It is noteworthy that the DCMS Committee Report recommends ([21]) that takedown should not be the only option to fulfil the illegality safety duty, but measures such as tagging should be available.

So an unbounded notion of preventing illegality does not sit well on the offline duty of care foundation of risk of physical injury. Difficult questions arise as a result. Should the duty apply to all kinds of criminal offence capable of being committed online? Or, more closely aligned with offline duties of care, should it be limited strictly to safety-related criminal offences? Or perhaps to risk of either physical injury or psychological harm? Or, more broadly, to offences for which it can be said that the individual is a victim?

The extent to which over time the government’s proposals have fluctuated between several of these varieties of illegality perhaps reflects the difficulty of shoehorning this kind of duty into a legal box labelled ‘duty of care’.

Moving on from the scope of illegality, what would the draft Bill require U2U providers to do? Under the draft Bill, for ‘ordinary’ illegal content the safety duty would be reactive – to remove it on receiving notice. For ‘priority’ illegal content the duty would in addition be preventative: as the DCMS described it in their recent announcement of new categories of priority illegal content:

“To proactively tackle the priority offences, firms will need to make sure the features, functionalities and algorithms of their services are designed to prevent their users encountering them and minimise the length of time this content is available. This could be achieved by automated or human content moderation, banning illegal search terms, spotting suspicious users and having effective systems in place to prevent banned users opening new accounts.”

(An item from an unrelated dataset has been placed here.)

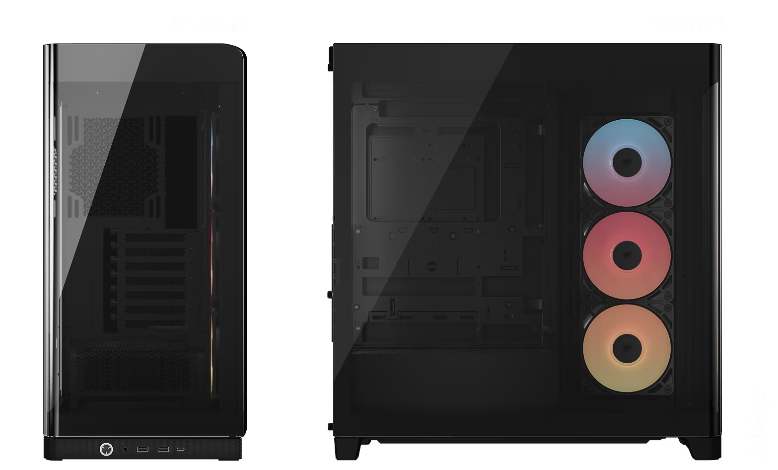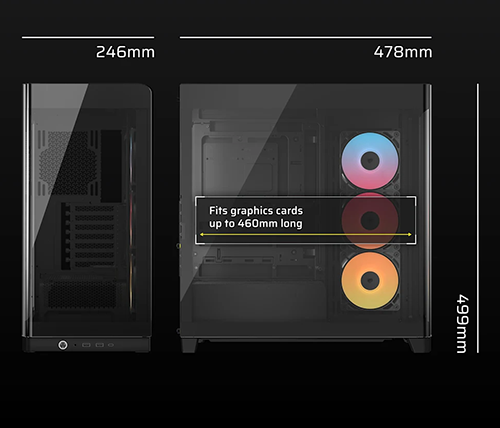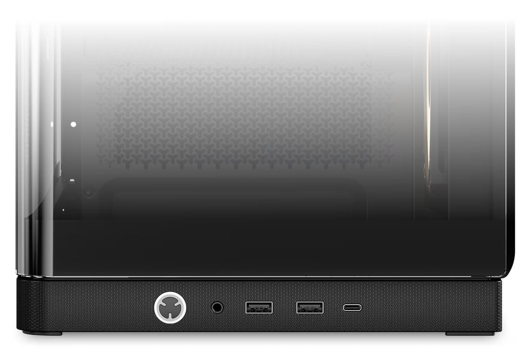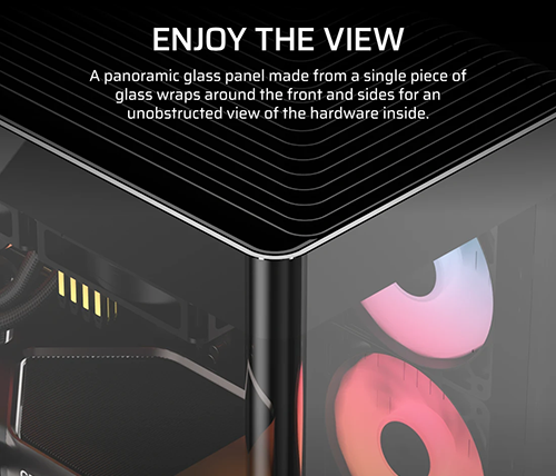 חתיכת זכוכית מחוסמת אחת, מעוגלת, מאפשרת לכם להציג את המערכת שלכם ללא הפרעה – ללא תפרים או זוויות חדות שמסתירות את הנוף. הזכוכית המעוגלת מקיפה את החזית והצד, ומספקת מבט בלתי מופרע אל החומרה החזקה שלכם.

These kinds of duty prompt questions about how a platform is to decide what is and is not illegal, or (apparently) who is a suspicious user. The draft Bill provides that the illegality duty should be triggered by ‘reasonable grounds to believe’ that the content is illegal. It could have adopted a much higher threshold: manifestly illegal on the face of the content, for instance. The lower the threshold, the greater the likelihood of legitimate content being removed at scale, whether proactively or reactively.

The draft Bill raises serious (and already well-known, in the context of existing intermediary liability rules) concerns of likely over-removal through mandating platforms to detect, adjudge and remove illegal material on their systems. Those are exacerbated by adoption of the ‘reasonable grounds to believe’ threshold.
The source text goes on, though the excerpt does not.